And I’m so glad you liked it! Thank you for saying so and for this interview.

Robin Black [photo credit:  Nina Subin]

Robin Black [photo credit: Nina Subin]

Amy Steele: What I thought would happen didn’t happen and I was shocked several times by events that occurred in Life Drawing. So it’s a completely unpredictable read. How did you develop the characters? Where did they come from?

Robin Black: I think it’s unpredictable in part because I make things up as I go along. I’ll take a strand of it: From the start I had no idea who if anyone would have an affair with whom. There were points at which I thought Alison and Owen would, points at which I thought maybe Alison and Gus would. . . So even though I certainly revised once I had all the major actions in place, I think that maybe there’s a lingering fluidity that’s the result of my not having had a set course of events in mind.

Amy Steele: Why did you decide to write a novel about a creative couple. A painter and a writer.

Robin Black: I am married to a lawyer, and every single artist who isn’t married to an artist wonders what it would be like. There’s always that fantasy of the shared bohemian life, the deep philosophical discussions of one’s work. . . I wanted to play with that idea a bit. And maybe it’s sour grapes on my part, but I ended up being glad I am married to a lawyer. I admit, I didn’t make the artist/artist marriage look like huge fun.

Amy Steele: This is a beautiful paragraph: “There are moments in a creative life when you understand why you do it. Those moments might last a few seconds or maybe, for some people, years. But whatever the actual time that passes, they still feel like a single moment. Fragile in the way a moment is, liable to be shattered by a breath, set apart from all the other passing time, distinct.”

Do you feel like this with writing?
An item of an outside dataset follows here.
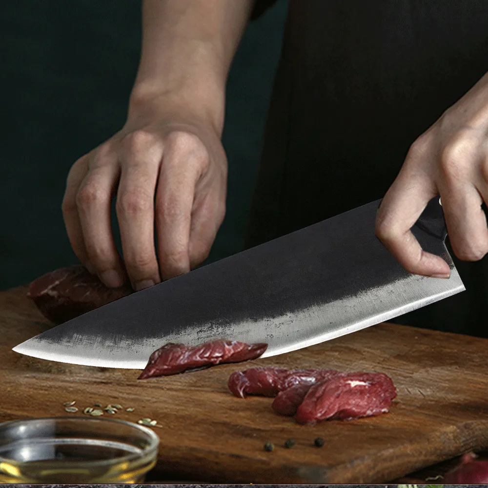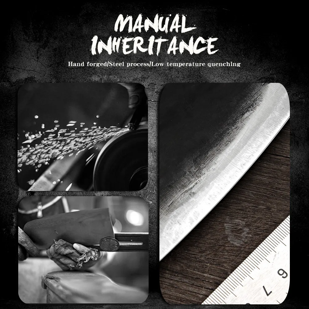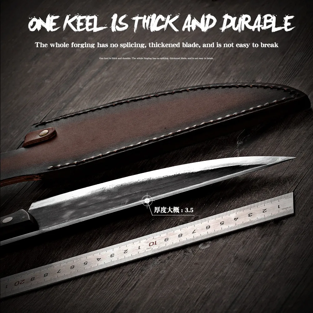 Материал лезвия: кованая Высокоуглеродистая сталь ручной работы Ручка: полностью интегрированный Стальной хвостовик + дерево + заклепки Закалка всплеск: 780 градусов Температура: 180 градусов-200 градусов Производственный процесс: в закалки-закалки молота-закалки-зажима стали-молота-закалки и других операций непрерывного цикла.

Is it worth the moments?

Robin Black: Yes. Absolutely. I feel incredibly fortunate to be able to experience that kind of complete mesh with who I am and what I do. It’s worth all the times when it isn’t quite working so well.

Amy Steele: Why did you decide to reveal the ending at the beginning and then work back to how Augusta got there? Was that always your plan?

Robin Black: It was always the idea, from the second I put that opening sentence in place. I think that it gave me a kind of goal and also relaxed me a little bit on the subject of plot. I can’t say that plot is my strength – though I’m getting better I think. And having so dramatic a fact shaping the book relaxed me in a way. I didn’t know how Owen’s death would occur, but I knew I had to get there. And that also provided a kind of intellectual challenge, like putting a puzzle together.

Amy Steele: Did you have a favorite character to write and why?

Robin Black: I suppose it’s Gus, my narrator. I love her, flaws and all. Self-delusions and all. My favorite moments of hers are when she describes her own limitations, as when she talks about not being naturally good at comforting people who are distressed, about having to relearn that every time. I see such earnestness in those admission. Like, Owen, I am prepared to forgive her a lot in exchange for that kind of hint at really trying to understand herself and improve.

Amy Steele: How important are fellowships and writing colonies to your process? Sounds lovely and idyllic.

Robin Black: I haven’t been to a writing colony in nine years, and the only other Fellowship I’ve ever had was six years ago. So I guess the answer better be “not very important.” I’m in a stage of life, my kids adults, my husband still working full time, when I have a lot of time for work, so I don’t know that I need the escapes.

I do miss the conversations though, especially with non-writers, visual artists and musicians. And I miss not having to cook dinner every night. But I have a child with special needs and even though she doesn’t live at home full-time, it’s still hard for me to plan many months out, which those all require. So I just try to be grateful for the freedoms I have.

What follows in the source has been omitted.